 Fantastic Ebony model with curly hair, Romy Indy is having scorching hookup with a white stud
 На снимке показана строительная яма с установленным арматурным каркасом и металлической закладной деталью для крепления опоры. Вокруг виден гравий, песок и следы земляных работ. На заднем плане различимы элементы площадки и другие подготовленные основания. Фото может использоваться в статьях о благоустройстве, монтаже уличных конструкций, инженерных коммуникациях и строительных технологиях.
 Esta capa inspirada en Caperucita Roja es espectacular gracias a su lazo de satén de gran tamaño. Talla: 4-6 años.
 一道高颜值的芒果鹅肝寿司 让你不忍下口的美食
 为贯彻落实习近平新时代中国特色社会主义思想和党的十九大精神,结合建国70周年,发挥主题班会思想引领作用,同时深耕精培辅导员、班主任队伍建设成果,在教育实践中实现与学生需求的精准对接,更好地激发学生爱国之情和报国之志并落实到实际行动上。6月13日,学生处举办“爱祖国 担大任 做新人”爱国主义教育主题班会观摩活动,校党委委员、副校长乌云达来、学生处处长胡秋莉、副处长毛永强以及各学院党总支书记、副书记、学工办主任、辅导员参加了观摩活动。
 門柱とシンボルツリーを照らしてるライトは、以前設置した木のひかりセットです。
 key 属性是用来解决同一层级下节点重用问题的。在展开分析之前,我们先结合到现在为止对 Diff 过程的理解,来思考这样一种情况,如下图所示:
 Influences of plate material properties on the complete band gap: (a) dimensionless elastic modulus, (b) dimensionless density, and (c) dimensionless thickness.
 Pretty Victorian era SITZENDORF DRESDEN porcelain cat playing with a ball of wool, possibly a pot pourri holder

◆ ◆ ◆ ◆ ◆ ◆ ◆

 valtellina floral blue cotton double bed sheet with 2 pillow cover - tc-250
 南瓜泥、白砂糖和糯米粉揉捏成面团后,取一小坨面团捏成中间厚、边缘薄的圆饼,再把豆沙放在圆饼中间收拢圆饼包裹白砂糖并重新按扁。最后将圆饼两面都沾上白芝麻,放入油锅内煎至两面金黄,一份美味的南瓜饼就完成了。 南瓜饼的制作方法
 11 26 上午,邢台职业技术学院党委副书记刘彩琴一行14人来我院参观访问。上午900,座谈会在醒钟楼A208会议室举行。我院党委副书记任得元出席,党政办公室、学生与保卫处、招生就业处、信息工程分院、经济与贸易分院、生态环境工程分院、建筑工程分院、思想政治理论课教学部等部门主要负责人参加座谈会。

◆ ◆ ◆ ◆ ◆ ◆ ◆

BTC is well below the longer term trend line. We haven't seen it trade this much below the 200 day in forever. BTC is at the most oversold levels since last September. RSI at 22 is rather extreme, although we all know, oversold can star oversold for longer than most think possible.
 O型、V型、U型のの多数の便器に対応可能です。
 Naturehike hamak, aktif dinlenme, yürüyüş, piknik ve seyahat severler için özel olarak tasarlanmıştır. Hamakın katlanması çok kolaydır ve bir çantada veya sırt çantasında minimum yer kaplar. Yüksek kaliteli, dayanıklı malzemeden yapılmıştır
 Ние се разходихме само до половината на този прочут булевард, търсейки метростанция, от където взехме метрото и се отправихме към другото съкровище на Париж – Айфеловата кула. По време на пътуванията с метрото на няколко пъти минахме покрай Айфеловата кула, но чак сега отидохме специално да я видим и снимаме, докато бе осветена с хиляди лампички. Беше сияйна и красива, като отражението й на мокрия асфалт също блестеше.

◆ ◆ ◆ ◆ ◆ ◆ ◆

__Exercise objective__:
When you reach the line containing "Esta capa inspirada" in the data above, start copying exactly, and stop after the line containing "Pretty Victorian era".

__Completed task__:
 Esta capa inspirada en Caperucita Roja es espectacular gracias a su lazo de satén de gran tamaño. Talla: 4-6 años.
 一道高颜值的芒果鹅肝寿司 让你不忍下口的美食
 为贯彻落实习近平新时代中国特色社会主义思想和党的十九大精神,结合建国70周年,发挥主题班会思想引领作用,同时深耕精培辅导员、班主任队伍建设成果,在教育实践中实现与学生需求的精准对接,更好地激发学生爱国之情和报国之志并落实到实际行动上。6月13日,学生处举办“爱祖国 担大任 做新人”爱国主义教育主题班会观摩活动,校党委委员、副校长乌云达来、学生处处长胡秋莉、副处长毛永强以及各学院党总支书记、副书记、学工办主任、辅导员参加了观摩活动。
 門柱とシンボルツリーを照らしてるライトは、以前設置した木のひかりセットです。
 key 属性是用来解决同一层级下节点重用问题的。在展开分析之前,我们先结合到现在为止对 Diff 过程的理解,来思考这样一种情况,如下图所示:
 Influences of plate material properties on the complete band gap: (a) dimensionless elastic modulus, (b) dimensionless density, and (c) dimensionless thickness.
 Pretty Victorian era SITZENDORF DRESDEN porcelain cat playing with a ball of wool, possibly a pot pourri holder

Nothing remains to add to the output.